With state of the art methods, the background can be changed easily and perfectly. We have video calling platforms like Zoom and Facebook's messenger which allows us to change our background on realtime with some level of realistic experience. My goal here is not to make something like those giants provided but to use simple concept of image processing and achieve some level of background changing.

I will be trying few concepts and ideas along with some experiments on the way.

Preliminary Tasks

Import Libraries

import cv2
import numpy as np
import matplotlib.pyplot as plt

Define Common Function

I don't know why I always define this function at first.

def show(img, fsize=(10,10)):
    figure=plt.figure(figsize=fsize)
    plt.imshow(img)
    plt.show()
show(np.random.randint(0, 255, (100, 100)))

Experiment 1: Use Background Substraction Concept

Background Subtraction is really fun and tricky task and it is simple too. The core concept is that we will start by picking a scene or the image in which we want our object to be placed on. Then we will take a image where will be a object and its background too. Then if we have the background image as a seperate image, then we can subtract background from the original image and get the mask of an object. Now we will change the pixels on scene image at those position, where the mask of object lies on. The mask will be non zero and we can easily find that. We will change the pixel value to the value of object on those non zero position of mask.

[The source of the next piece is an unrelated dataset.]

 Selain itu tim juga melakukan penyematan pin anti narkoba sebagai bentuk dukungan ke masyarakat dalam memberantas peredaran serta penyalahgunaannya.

Lets try it first with some dummy image.

# create one empty image then add some background color
bg = np.zeros((480, 640, 3))
bg[:, :, 0]+=100 # red color increase
bg = bg.astype(np.uint8)

show(bg)

# make copy of bg and then add object on it
img = bg.copy()

# make circle on it :) object!
cv2.circle(img, (360, 240), 100, (25, 80, 55), -1)
show(img)

# read a scene image
scene = cv2.imread("scene.jpg", -1)
scene = cv2.resize(scene, (img.shape[1], img.shape[0]))
rgb_scene = cv2.cvtColor(scene, cv2.COLOR_BGR2RGB)
show(rgb_scene)

# how to add the circle on the scene?
mask = img-bg # subtract background from image
show(mask)

# now apply mask to scene
res = scene.copy()
res[mask!=0] = img[mask!=0]
show(res)

Above example was very basic and we would perform this concept as the backbone for some of upcoming experiments.

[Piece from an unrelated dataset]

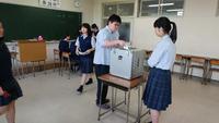 そして演説会終了後に投票が行われました。築高の生徒会役員選挙の投票は、演説会場や帰りのSHRの場で投票するような形ではなく、放課後、生徒が自主的に生徒手帳持参で投票所に行き、投票資格を確認した後、投票用紙を受け取り、借用してきた本物の投票箱を利用して投票する本格的な形を取っています。将来の有権者としての自分たちの姿がイメージできますね。さて投票の結果は

Function to Do Running Average

In our live camera feed, we will not be able to distinguish between background and foreground color because the color combination can be different. Hence we will start by making background image for upto few frames. We will take a running average of each frame for some frames and then start the background subtraction. And then we will apply the background subtraction concept to insert scene on our background.

def running_average(bg_img, image, aweight):
    if bg_img is None:
        bg_img = image.copy().astype("float")
    else:
        cv2.accumulateWeighted(image, bg_img, aweight)    
    return bg_img

Background Subtraction: Only Static Objects on the Background

Please refer to the comment on each line for the explanation of the code.

We are using new background as below image.

# read camera feed
cam = cv2.VideoCapture(0)
notify_num = 200 # up to how many frames to take background average.
frame_count=0 # a variable to count current frame

aweight = 0.5 # variable used to take average
bg = None # background image
take_bg=True # 

scene = cv2.imread("scene.jpg") # read the scene image
scene = cv2.resize(scene, (640, 480)) # resize scene to the size of frame

while True: # loop until termination
    ret, frame = cam.read() # read frame
    frame= cv2.flip(frame, 1) # flip the frame to make frame like mirror image
    clone = frame.copy() # make a local copy of frame


    gray = cv2.cvtColor(clone, cv2.COLOR_BGR2GRAY) # convert frame to grayscale
    gray = cv2.medianBlur(gray, 5) # add some median blur to remove Salt and Pepper noise

    key = cv2.waitKey(1) & 0xFF # listen for the key event

    if key == 27: # if hit escape key
        break # break out of the loop


    if take_bg == True and notify_num>frame_count: # condition to take a background average
        txt = f"Taking background, Hold Still: {str(notify_num-frame_count)}"

        cv2.putText(clone, txt, (10, 50),
                                           cv2.FONT_HERSHEY_SIMPLEX, 1, (0, 0, 255), 2)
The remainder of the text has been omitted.